Whoever paired the two together is either of mensa level intelligence or the luckiest person in town tonight, the styles may be distinctly different but they gelled together brilliantly and created an intense electrifying atmospehere that whipped the Saurday night punters in to a frenzy.
A sonic and visual delight, the sounds and visions creating kaleidoscopic images that illuminated both venue and audience in vivid colours.
Messers Butler, Topp and Simpson bounced on stage and immediately showcased their ever increasing maturity and confidence by ripping off the opening vibe of Led Zep’s Kashmir and as Jane Pearce joined them the quartet dived headlong in to the punching rhythm and licks of Danger Zone, Pearce hitting and holding both high and low notes to rise above the wall of sound created by the guys. The pace was set and held throughout their rousing version of Shaking All Over, Alex peeling off a series of chord runs splicing up the groove and Pearce jumping over it all with a deep throaty vocal.
The band are in the studio just now with Producer and King King drummerWayne Proctor and his influence is writ large in the way the band are now approaching their music, heavier, harder and fuller with added condifence and vigour.
However, when RB do the Blues it is true Blues and comes straight from the heart as evidenced tonight on the searching tones of Pension Blues, Jane going deep and summoning up soul, Charlie and Mikey interlocking and Alex on Cigar Box guitar donning the slide bottle and tracing the frets producing the metallic scratched sounds. Belly of the Blues has become a Butler anthem and it featured again tonight, opening out in slow burn style off the back of the rhythm section lines and Alex’s intricate heartfelt licks and sumptuous solo. Pearce matched the guys with a vocal that clearly came right from the heart.
Two new numbers were showcased and hint strongly at the rockier edge to the new material, riffs splintering from Alex, splicing up the groove and Pearce punching out pawing vocals.

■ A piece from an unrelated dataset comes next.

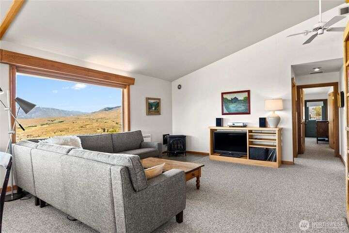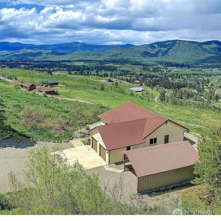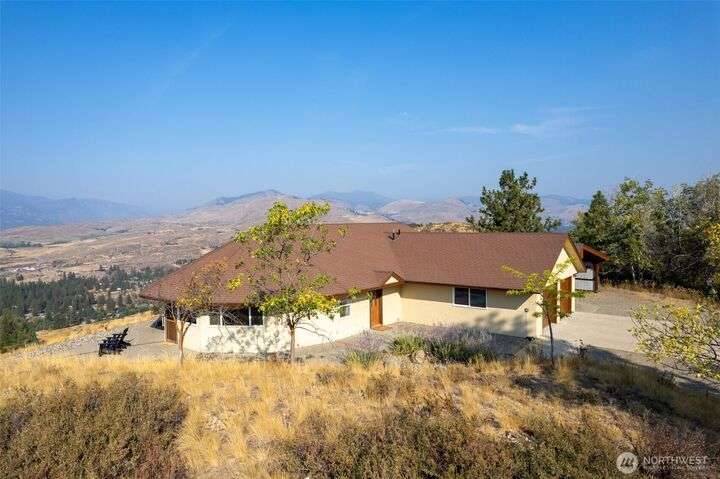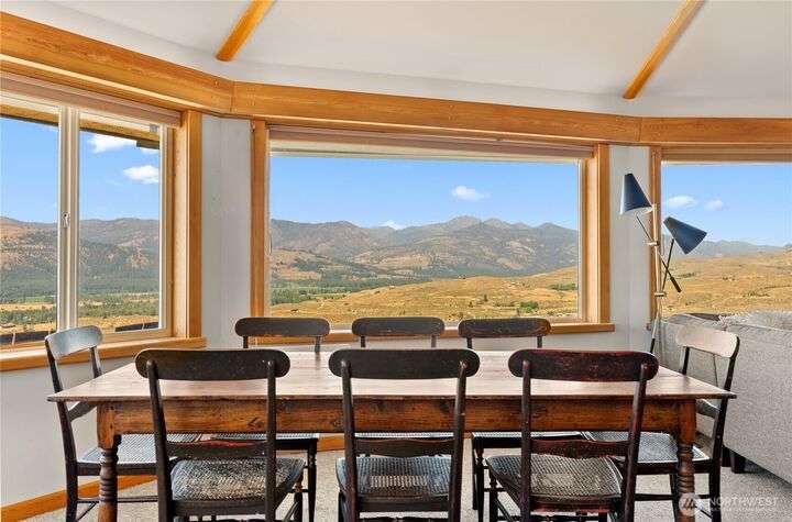 Expansive, breathtaking mountain views from this 3BD/2BA home on 6 acres of aspens & pines. 1,800 SF with windows galore showcasing dramatic high mountain vistas & natural light throughout. Open living, dining & kitchen—ideal for entertaining. Spacious primary suite with ensuite bath, two guest bedrooms, full bath & home office/media room. Fine-finished custom cabinetry, woodwork, built-ins & generous storage. Easy-care stucco siding, concrete patios extend the living area for shade & views. Drought-tolerant landscaping, mature trees & low-maintenance setting. Attached 1-car garage, carport & storage room. Minutes to Winthrop & ski trails. Privacy, peace & Methow Valley beauty—truly one-of-a-kind!

Show Me The Money complete with Topp and Butler duelling up and down the frets of Alex’s guitar before the hotshot Butler and Pearce went walkabout in the crowd.
The audience reaction told any newcomers all you need to know about why there is a buzz about this band.

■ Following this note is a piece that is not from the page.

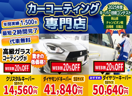 | 担当者のコメント | エコダイヤキーパープレミアム施工ありがとうございました。 エコダイヤキーパープレミアムは自洗効果があり、雨が洗車に!! 日頃のお手入れもお任せください。 |

Follow that Northsyde, consider the guannlet truly thrown down!
No surprises the band accepted the challenge with relish and proceeded to strafe the hall and crowd with an incendiary set that smouldered, burned and erupted like a volcano of sonic sounds.
Returning to the visual presence of the bands, Northsyde demand to be looked at as well as listened to. Ace on bass Ian Mauricio and skinsman Hayden Doyle ice cool and savvy, six string maestro Jules Fothergill, languid, laid back and perpetually beaming with joy. And then the lean, mean vocal machine that is Lorna Fothergill, short cropped blonde hair wrapped around her face, shape throwing and commanding her stage.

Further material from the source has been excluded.